Monday, September 20, 2010

What do the Tea Party’s offer our country? Lecturing.

The NY Times recently wrote this:

The strategists see openings to exploit after a string of Tea Party successes split Republicans in a number of states, culminating last week with developments that scrambled Senate races in Delaware and Alaska. “We need to get out the message that it’s now really dangerous to re-empower the Republican Party,” said one Democratic strategist.
Is dangerous too strong a word? Not in this case, and here’s why.

Instead of providing solutions, crazy tea party constitutionalists and now "serious" political candidates, are going to give us lectures on their version of the Constitution. Forget the recessionary suffering and joblessness, sit down and listen. I wish I were kidding.

I promise that if these extremists do find their way into Washington, they will try to etch in stone their jackass channelings of what the founding fathers really meant and will do nothing to provide for the general welfare. After all, “welfare” is a dangerously socialist word, a word slipped into the Constitution in the middle of the night, and passed before anyone had a chance to read it.

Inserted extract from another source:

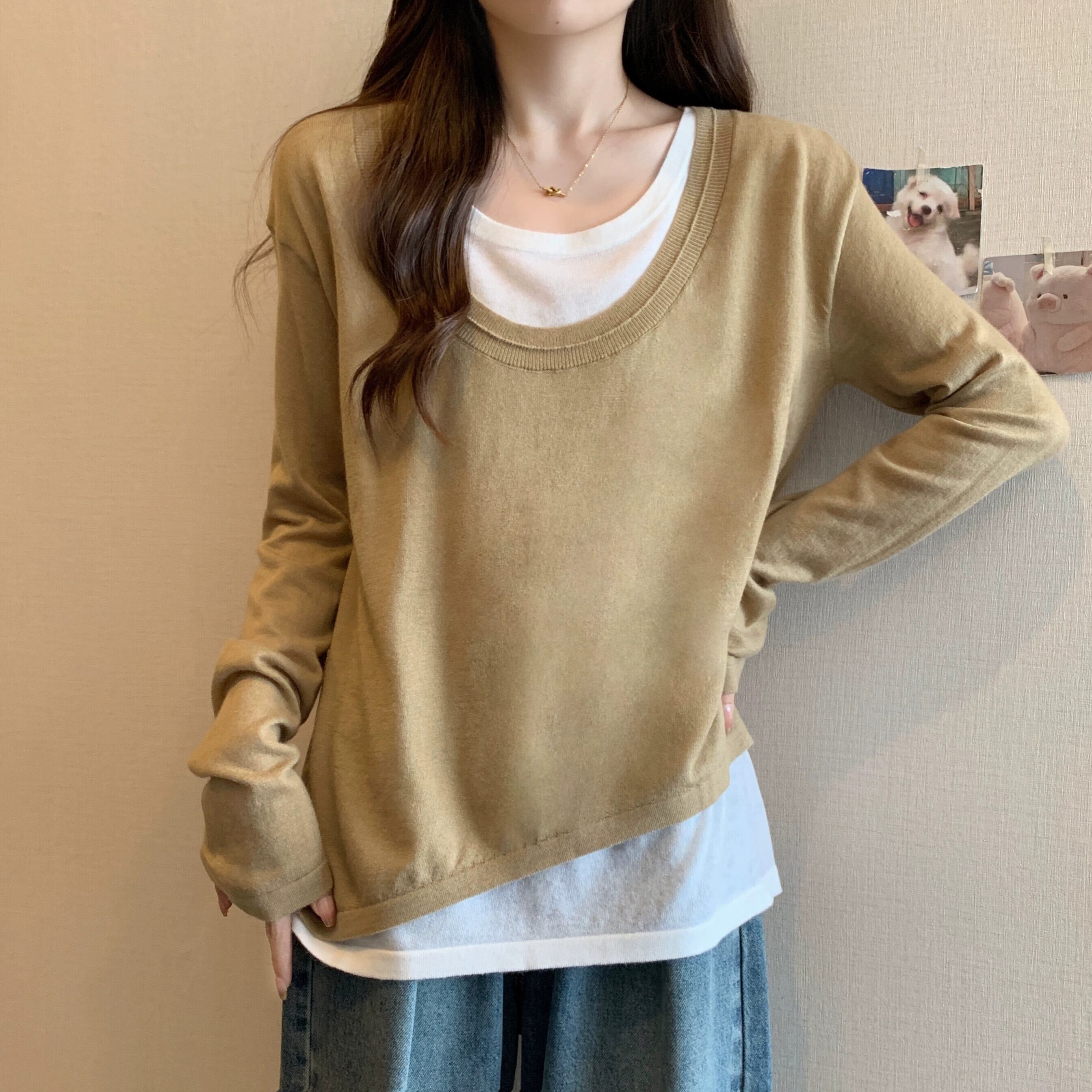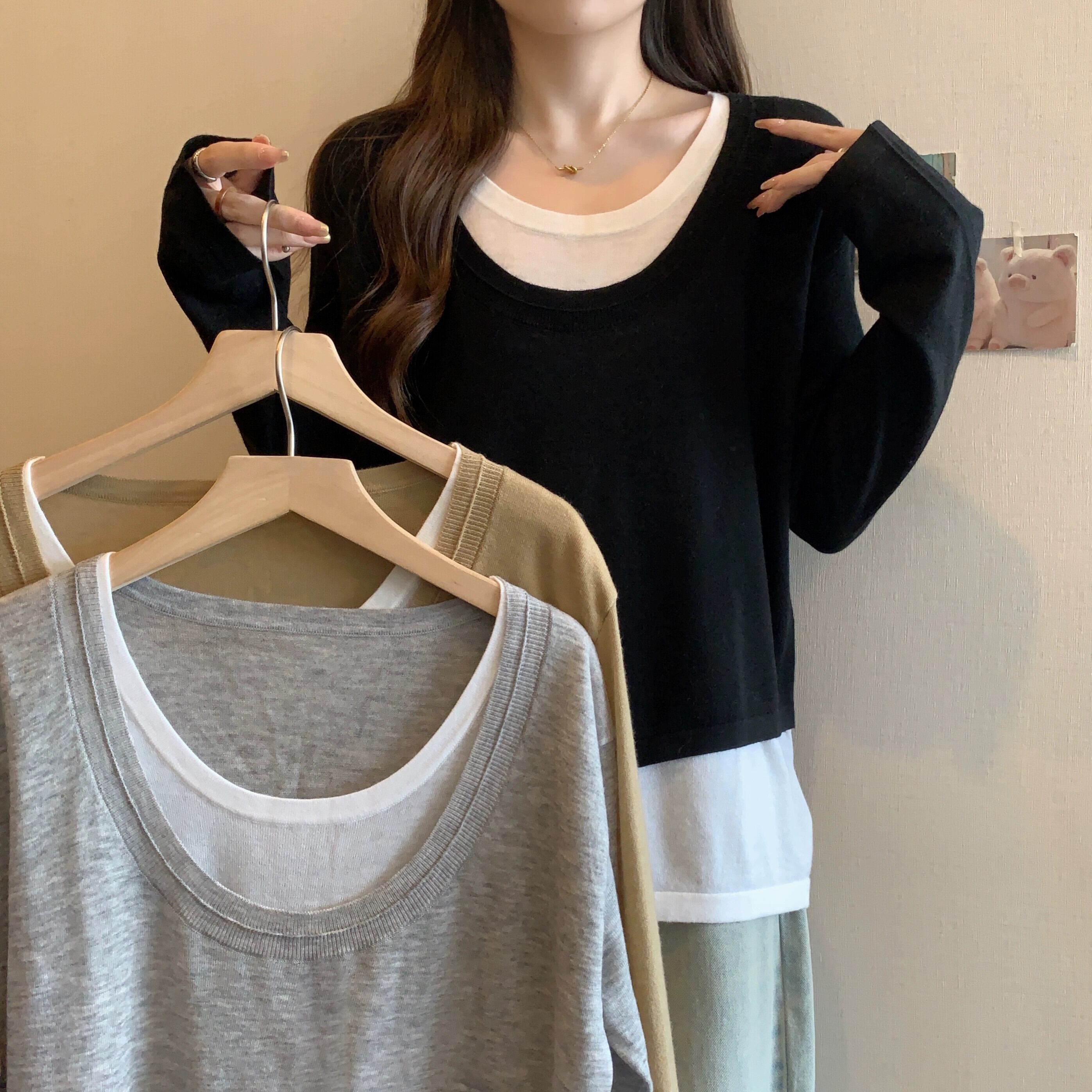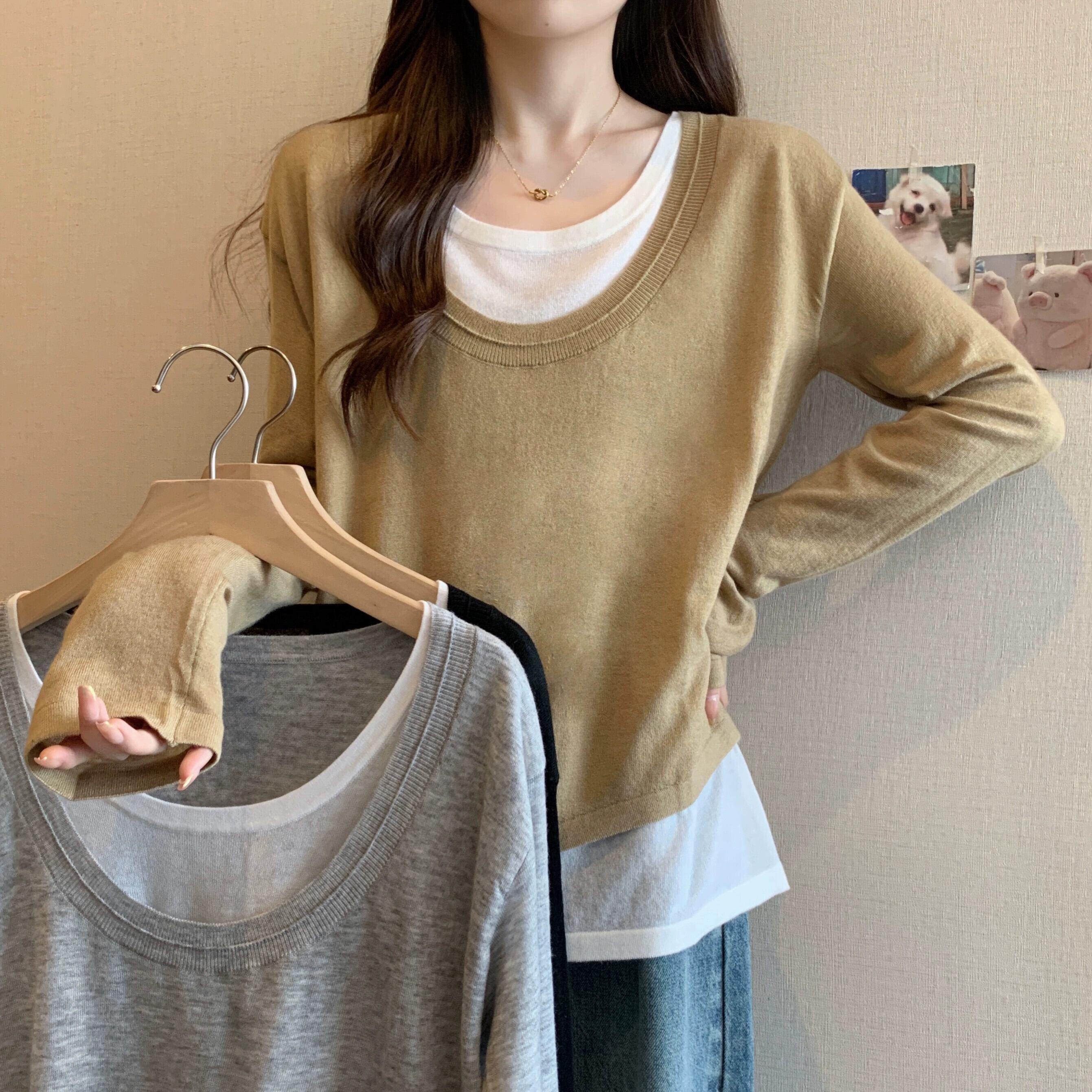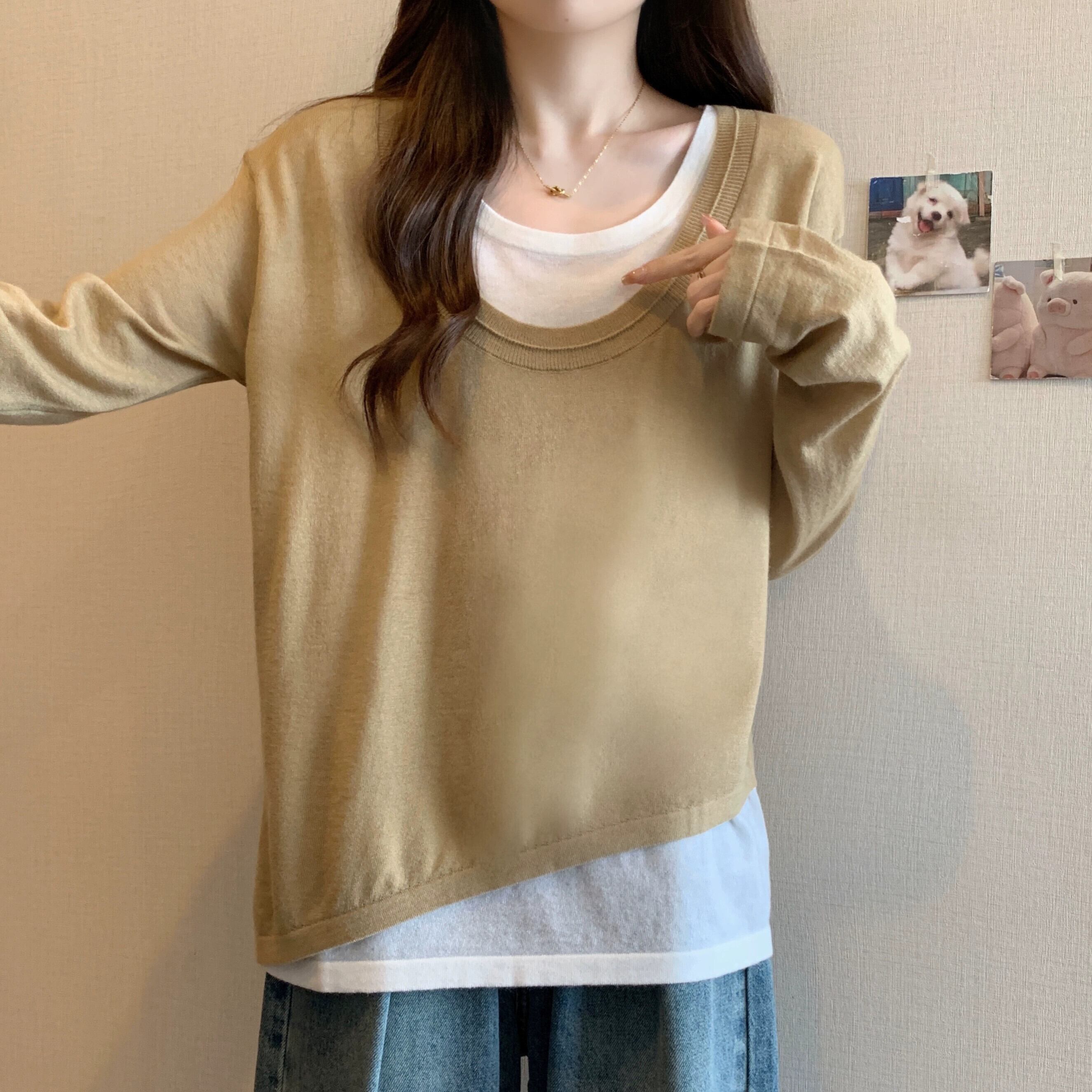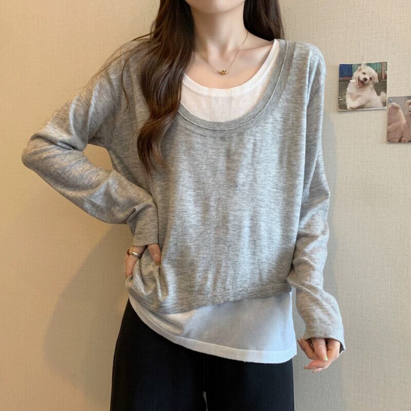 グレーのフェイクツーピースボトリングシャツレディース、春と秋のファッションデザイン、ルーズインナー、不規則なニット長袖トップ ロング スプリング 春物 オータム 秋物 7460019207810378 | framboise21

A question from Fox’s Chris Wallace inadvertently revealed the tea party plan of governance, when he asked Senate candidate Joe Miller how he would solve poverty and help the unemployed during the recession. It started with “the lecture.”

Joe Miller: "The question is, what is the role of government?”

That’s the pat answer we’ll being hearing from now to eternity. The lecture continues...

Joe Miller: What we have in this country is an entitlement mentality…that, if all goes wrong, it’s the government’s role to get in there, and provide for “the general welfare.” To basically provide for the insolvency of states and other entities…the Constitution provides enumerated powers…show me the enumerated power. And then look at the Tenth Amendment that says, if it’s not there in the constitution, it’s a power that belongs to the state and to the people.”
Yes, it’s right there in the Tenth Amendment, “the power that the people.” The states can pass their laws, but so can “the people” federally. The Tenth Amendment is clear:

“The powers not delegated to the United States by the Constitution, nor prohibited by it to the States, are reserved to the States respectively, or to the people.”
That's pretty specific language, except to the many hard line constitutional scholars who think the founding fathers were dumb enough to try and list every power in the founding document. The writers in fact feared the Bill of Rights might be interpreted that way.

Miller also believes that the money in Social Security has been stolen from him. Miller believes the government borrows money with interest, with the intent of never paying it back? What a patriot. Like all conservative con artists, Miller wants to convince Americans they will not get the money back, that it's gone forever, letting them off the hook. Sorry, you borrowed money from the lower and middle class and made fun of the idea of a lock box; now pay it back you freeloaders.